What about pet food made in the US or UK?
Don't they have higher standards and laws regarding ingredients.
Food like Royal Canin, Eukanuba, Hill's Science Diet, Wellness are all made overseas. Most if not all have the same ingredients and packaging as the ones sold in Australia.


----------



## LittleHiss (Jun 8, 2014)

Fractal_man said:


> And?.....
> 
> What about pet food made in the US or UK?
> Don't they have higher standards and laws regarding ingredients.
> Food like Royal Canin, Eukanuba, Hill's Science Diet, Wellness are all made overseas. Most if not all have the same ingredients and packaging as the ones sold in Australia.



.... not what I learnt when doing my cert IV in vet nursing, but okay.
And from experience, I have often found newspaper inside several different brands of dried dog food, and string and splinters of wood inside canned dog food.


----------



## RoryBreaker (Jun 8, 2014)

I have opened a fair whack of different brands of dog food over the years and mixed veges in by hand on most occasions. 

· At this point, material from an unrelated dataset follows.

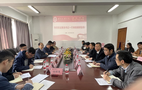 4月25日上午,学校党委书记黄涛一行来院调研指导,于611会议室召开座谈交流会。学院党政班子成员,各教研室主任,基地办公室主任及教师代表参会,会议由学院党委书记岳臣忠主持。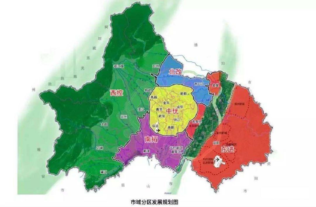 “中优”区域,即现有中心城区五城区,涉及龙泉驿区、郫都区、新都区、双流区、温江区、天府新区及高新区部分区域。重点发展生产性服务业、高端生活性服务业,重点支持金融商务、总部办公、国际交往、数字经济、文化创意和都市休闲旅游等产业,培育一批现代服务业集聚区、专业楼宇和特色楼宇,促进承载天府文化的特色商贸、文化、教育等生活性服务业精细化、品质化发展。

I am yet to see any of your foreign objects within anything that I have used. Found a piece of bone once, but really it's no issue. 

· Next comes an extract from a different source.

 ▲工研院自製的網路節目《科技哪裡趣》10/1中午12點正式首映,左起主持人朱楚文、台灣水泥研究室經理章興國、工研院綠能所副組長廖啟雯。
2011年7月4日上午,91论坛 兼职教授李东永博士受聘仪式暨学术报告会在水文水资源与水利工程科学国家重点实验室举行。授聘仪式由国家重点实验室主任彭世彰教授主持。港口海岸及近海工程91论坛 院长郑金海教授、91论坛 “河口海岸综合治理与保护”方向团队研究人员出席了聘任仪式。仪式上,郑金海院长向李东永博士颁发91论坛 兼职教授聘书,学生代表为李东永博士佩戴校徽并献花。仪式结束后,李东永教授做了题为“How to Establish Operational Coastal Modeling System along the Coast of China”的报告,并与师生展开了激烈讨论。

Different strokes for different folks I guess. As long as your bluey looks and is healthy.


----------



## CrazyNut (Jun 8, 2014)

Mate blueys will eat anything. They are like dogs, feed them anything you would feed a dog and don't feed him things you wouldn't feed your dog. So long as you give him a varied diet. Give him some chicken mine loves and its great fir adding condition. If he is still thin then it is illness or incorrect husbandry. Bump up the basking spot to 35 of 36 make sure he always has freshwater. As said before it can be difficult to add condition during the cooler time of the year so don't worry to much mate.


----------